INPUT DATA
>>>>
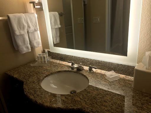 Read moreThe hotel was fully booked when I stayed there because of spring training fans. Fortunately no one was rowdy. The front desk staff is very friendly and nice. They provide guests with two bottles of water and microwavable popcorn. I can't eat popcorn so they let me choose something else from their little shop which I appreciated. The hotel lobby and dining area are clean. Unfortunately the curtains in the room were not. They were covered in thick dust as was the wooden valance. Because of that I had to stand on the bed and wipe the wooden valance with a wet washcloth. Not the safest way to dust and I shouldn't have had to but I couldn't sleep in the room with so much dust and wanted to take care of it quickly. Also the curtains in the bedroom were broken as there were three clips that had nothing to hook to and it just hung down. I had to use a hair clip to secure them and have privacy. The curtains are very outdated and don't work well meaning they don't close together properly. Suggest they do an overhaul and switch to someting more modern and less dusty since the housekeeping staff isn't dusting them.
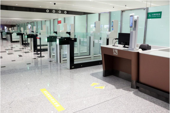 無障礙安檢通道寬度不小于1.2米,并設(shè)有低位身份證掃描、登機牌驗證、指紋識別、面部識別等設(shè)施,以及設(shè)置無障礙專用安檢區(qū)域用于保護(hù)殘障人士隱私。
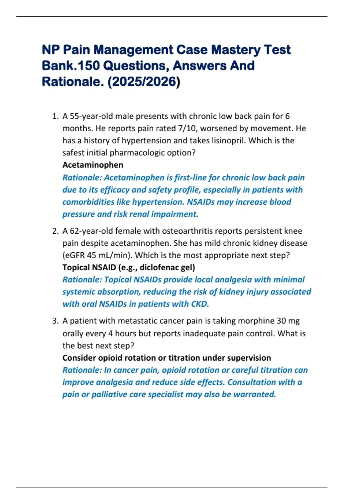 NP Pain Management Case Mastery Test
<<<<
ASSIGNED TASK
Start at the first line and set down all of the data exactly, passing over the pictures.

WRITTEN RESPONSE
 Read moreThe hotel was fully booked when I stayed there because of spring training fans. Fortunately no one was rowdy. The front desk staff is very friendly and nice. They provide guests with two bottles of water and microwavable popcorn. I can't eat popcorn so they let me choose something else from their little shop which I appreciated. The hotel lobby and dining area are clean. Unfortunately the curtains in the room were not. They were covered in thick dust as was the wooden valance. Because of that I had to stand on the bed and wipe the wooden valance with a wet washcloth. Not the safest way to dust and I shouldn't have had to but I couldn't sleep in the room with so much dust and wanted to take care of it quickly. Also the curtains in the bedroom were broken as there were three clips that had nothing to hook to and it just hung down. I had to use a hair clip to secure them and have privacy. The curtains are very outdated and don't work well meaning they don't close together properly. Suggest they do an overhaul and switch to someting more modern and less dusty since the housekeeping staff isn't dusting them.
 無障礙安檢通道寬度不小于1.2米,并設(shè)有低位身份證掃描、登機牌驗證、指紋識別、面部識別等設(shè)施,以及設(shè)置無障礙專用安檢區(qū)域用于保護(hù)殘障人士隱私。
 NP Pain Management Case Mastery Test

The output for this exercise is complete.